Karl Seglem schafft auf verführerische Art musikalische Innenräume, die er anschließend mit ausgewogenen Improvisationen füllt. Er trotzt der Musik eine gewisse Schönheit ab. Nein, ein musikalisches Widerstandsnest klingt eigentlich anders.
Inspiration ist natürlich die Voraussetzung für ein solch bewegendes Konzert. Zugleich zielte der Inhalt des Auftritts von Seglems Septett genau auf den Erhalt dieser Quelle der Kreativität, dem Verhältnis von Mensch und Natur. Insofern ein musikalischer Aufschrei, ein kämpferischer Auftritt, ein entschiedenes Nein zu Zerstörung und Demontage des Elementaren, oder zur fahrlässigen Urbanisierung der Umwelt.
Es greift zu kurz, seine Idee und sein Spiel allein als Ausdruck seiner musikalischen Fantasie zu bezeichnen. Bei Karl Seglem geht es inhaltlich um bewusstes Handeln, es geht auch um politische Überzeugungen, ja in gewisser Weise auch um Kampf – für eine intakte Zukunft. So klingt vieles von dem, was der Norweger instrumental und inhaltlich umsetzt, eben doch wütend, bissig, ohne sich ins instrumental Aggressive zu stürzen. Er will mit seiner Musik erhalten, bewahren und erneuern. Er ist, was die Umwelt und deren Erhaltung betrifft, letztendlich aber konventionell, er ist Traditionalist im positiven, im kreativen Sinn.
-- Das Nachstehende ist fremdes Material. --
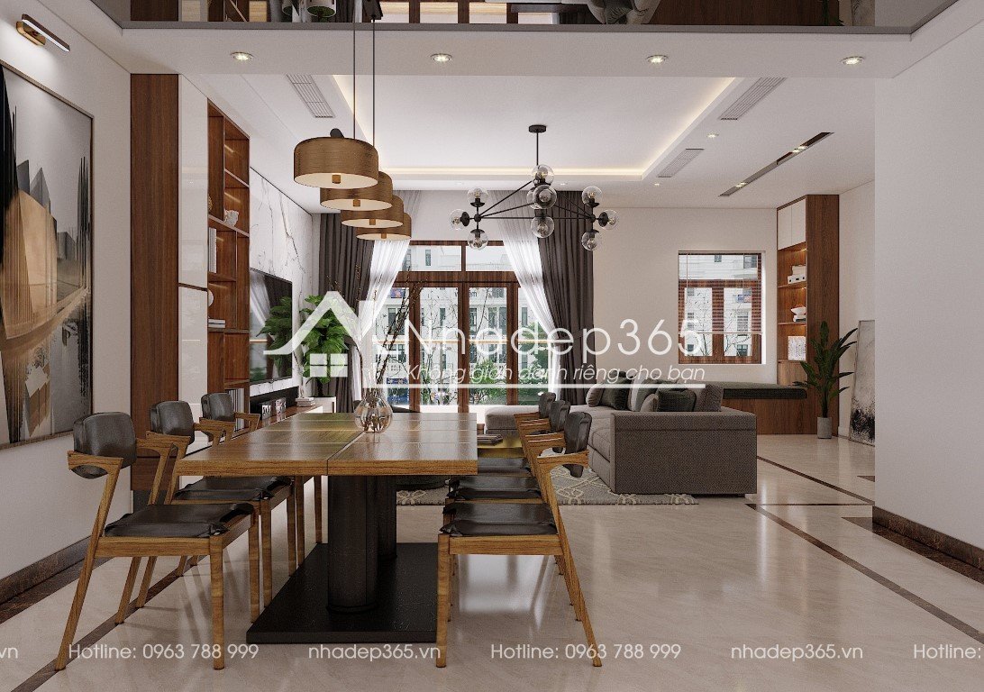 Để đáp ứng yêu cầu của gia chủ về không gian phòng khách và phòng bếp có tông màu ấm, sang trọng, thanh lịch, ưu tiên sử dụng nội thất gỗ mang phong cách hiện đại. Đội ngũ KTS nhadep365.vn lựa chọn phong cách thiết kế nội thất hiện đại với màu sắc chủ đạo là màu trắng kết hợp vân gỗ màu trầm.
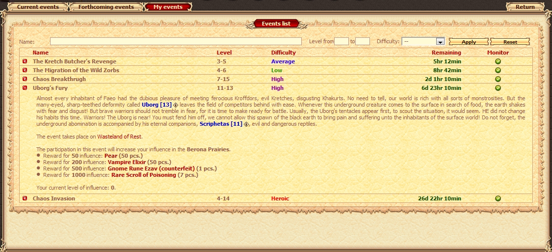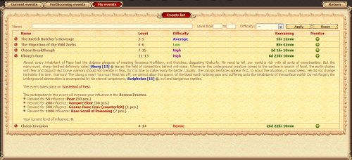 Warriors, rumour has it that some foreign merchant princes have decided to explore new markets by introducing some pretty amazing goods to the inhabitants of Khair and Orgyi. Some time ago, their caravans, laden with the most woundrous and exotic goods from distant lands set out for our part of the world. Now some spotters have reported the train of carts approaching the borders. Excitement spreads like a bush fire across the lands of both the Magmars and the Humans. Young and old, warriors and artisans, farmers and hunters are thrilled at the miracles that are to come!   Our most esteemed Antiquarians established a contact with them, and now the merchants set up their camps at the Antiquarians' places and a trade fair will be held under patronage of both Menachem and Samarij. Everyone is welcome to visit the Wonders Trade Fair, to gape in awe and maybe to obtain some of the rarities crafted by the subtle hands of the foreign artisans. Many an item, both beautiful and most useful, is on stock now! For instance, you could obtain these fine gifts: With just a little luck you could find these valuable pieces of armor in one of the gift boxes:
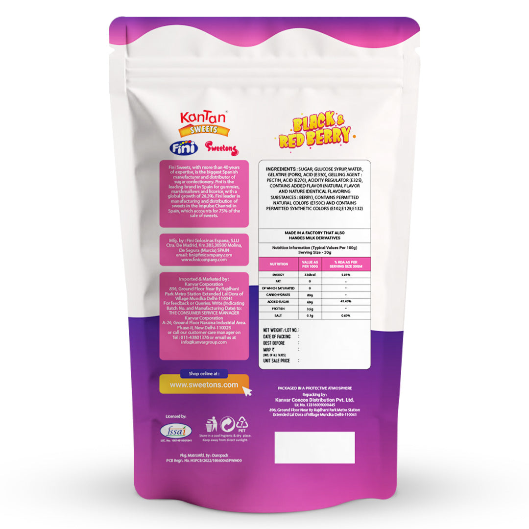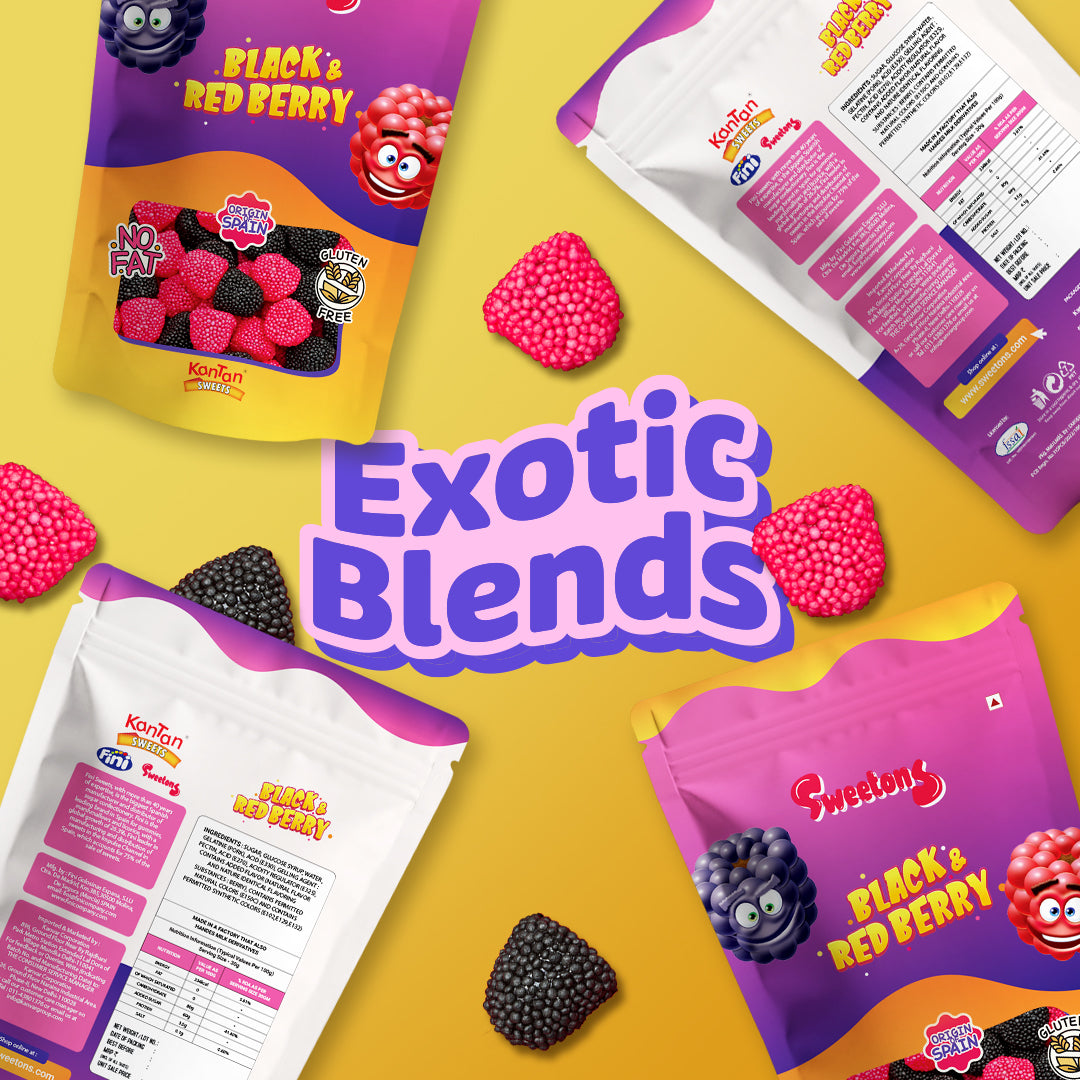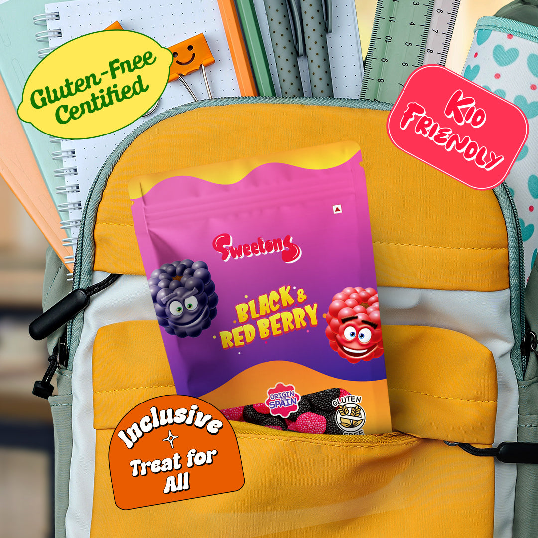 Experience the fruity bliss of Sweetons Black & Red Berries Jelly Candy, a delicious mix of chewy jelly and crunchy candy beads inspired by real berries. Bursting with blackcurrant and raspberry flavours, these berry-shaped gummies offer a unique texture and taste in every bite. Made in Spain, they’re gluten-free, fat-free, and non-vegetarian for that classic gummy chew. Each pack of three (50g each) is perfect for sharing, gifting, or satisfying your sweet cravings anytime, anywhere.
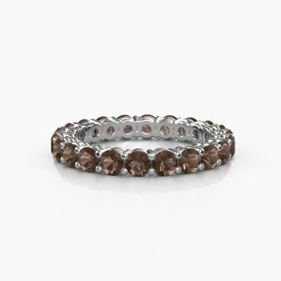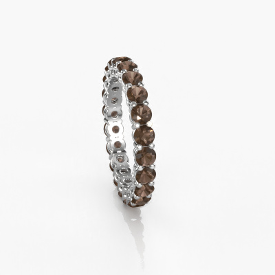 This is our Michelle full 3.0 ring. This specific type is called an eternity ring and it is set with a continuous line of identically cut gemstones. The ring is made in 14 Carat white gold and is set with small smokey quartz, 3 mm. The amazing smokey quartz are identical in size and are set in the ring band. Our smokey quartz are selected with great care so they are identical, which gives the best result. In order to get the best result, our artisans position all smokey quartz by hand with the utmost care. Our Goldsmiths have one ambition, which is creating the perfect ring. That is why we love what we do. In the end you get a stunning classic white gold stackable ring with a row of smokey quartz which seem to have no beginning nor end. The perfect symbol of your undying love for her! How special is that!Because we design and deliver our own rings, we can offer you a ring at a price you won't find anywhere else. A ring is made to order, which helps prevent excess supplies, so we can make you a great price offer. We understand it feels risky, buying your ring online, but we will gladly assist in the designing process, taking your budget into consideration.Our talented designers add new designs to our online collection daily. Together they create a diverse collection of the finest jewellery. If you prefer to make a ring according your own design, please feel free to request a quote. We will make you an amazing offer, based on quality and price.To make it easier for you, we offer a 30 day return policy. Check our terms and conditions.

Seglem besitzt dieses große Herz des Nordens. Manchmal leicht unterkühlt wirkend, dabei jedoch immer empathisch, der Musik und seinen Instrumentalisten freundlich zugewandt. Die Wirkung die sein Spiel entfaltet, immer zwischen Jazz und Folklore changierend, ist und das lässt sich kaum anders beschreiben, dabei berauschend, beharrlich und letztendlich brennend. So wird Musik zu einem Therapeutikum oder anders ausgedrückt: Das war ungesattelter Jazz, der Synkopen überspringt, der folkloristisch galoppiert, bei dem der Pflug ächzt und letztendlich ein fruchtbares Feld zurückbleibt. Selten war der Titel der seit fast sechs Jahren erfolgreichen laufenden Reihe JAZZ AROUND THE WORLD passender. Da wirkte auch der zwar kurze, aber insgesamt ausgewogene Auftritt des Duos Beba Ebner & Thomas Frey im Vorprogramm stimmig.